Energy-Hungry AI Data Centers, Trump Renewables Policy Leave Consumers Picking Up the Tab for Higher Electricity Costs

Demand for power is expected to increase by as much as 60 percent by 2030 as suppliers patch aging infrastructure to feed an exponential AI server surge.

AP Photo/Robert F. Bukaty
Power utility lines at Pownal, Maine. AP Photo/Robert F. Bukaty

Consumers are feeling the pinch of dramatic increases in electricity prices across every state in America this year as household demand competes with energy-hungry AI data centers, the cost of aging electrical grids, and fewer tax incentives for companies investing in alternative sources like wind and solar.

Across the country, the sticker shock faced by American households is driving debate over who is to blame.

“The more that solar PV and wind have been added to California’s electrical grid, the higher that residential electricity prices have gotten, even when you adjust for inflation. I’m not saying that’s the only reason for this correlation, but it’s definitely a part of the problem,” a meteorologist and climate blogger, Chris Martz, wrote.

“High electricity prices around the country flow directly from Trump’s decisions to gut or outright ban new electricity projects based on wind and solar, which he does to make the fossil fuels industry happy. Electricity bills are spiking around the country—twice as fast as the rate of inflation,” an attorney and Columbia University lecturer, Scott Horton, wrote

Energy suppliers say per kilowatt-hour revenues rose 6.6 percent in the residential sector in June compared to a year earlier. Revenues per kilowatt-hour went up in 45 states and the District of Columbia, with Maine, D.C., and New Jersey seeing the largest percent increases, all more than 21 percent, according to the U.S. Energy Information Administration.

While the Consumer Price Index for electricity actually decreased 0.1 percent in July versus June, the 12-month index is up 5.5 percent — twice the rate of the overall index. 

In America, electricity demand is expected to grow 25 percent by 2030 and 78 percent by 2050 from 2023 levels, while peak electricity demand — where the largest number of users are consuming electricity at once — is expected to grow 14 percent by 2030 and 54 percent through 2050, energy solutions provider ICF said in its June report.
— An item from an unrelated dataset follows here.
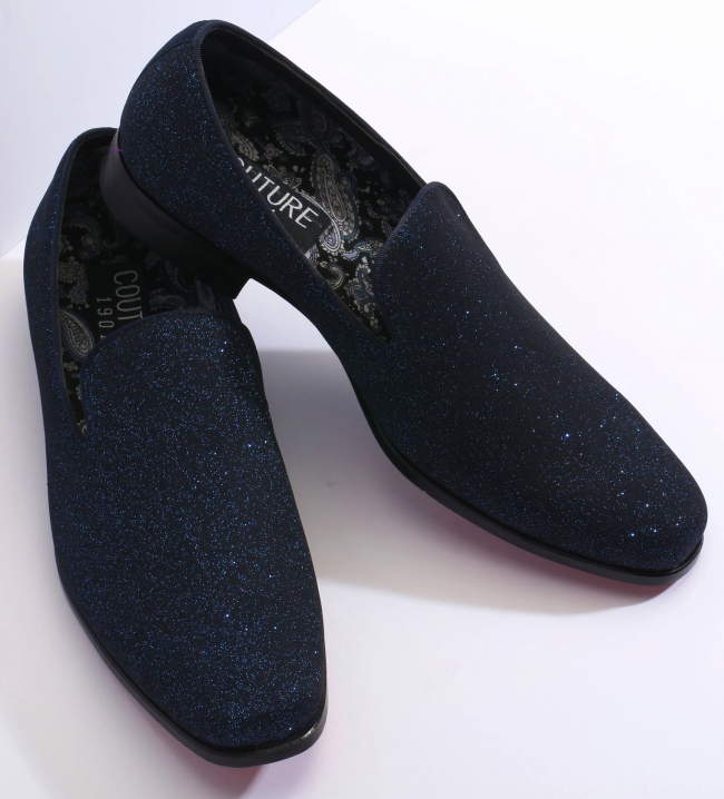 Mens New Glitter Royal Blue Slip on Dress Shoes. Royal Blue Couture 1901 Tuxedo Shoe is a great way to enhance any tuxedo or suited outfit. The Cash shoe is an instantly eye-catching accessory due to the glitter lending it the perfect amount of sheen. The Cash is a great option for dinner dates, dance floors and those dressing to impress.Color: Navy Material: Synthetic/Glitter Style: Slip On Fit & Sizes: 7 to 12 (Regular Width [D])

“It seems like rising demand is not being met with supply rising as quickly as it’s being asked for,” the director of electricity modeling, Brendan Pierpont, for a climate policy think tank, Energy Innovation, tells The New York Sun.

Energy management company Schneider Electric attributes the increased demand to the proliferation of data centers, most of which will rely on the country’s power grid. The number of AI data centers built to house powerful servers used to train and run AI models doubled between 2021 and 2024. According to the Deloitte Research Center for Energy and Industrials, that number could increase thirtyfold by 2035, requiring 123 gigawatts of power — the equivalent of yearly power use by nearly 137 million American homes — each year. 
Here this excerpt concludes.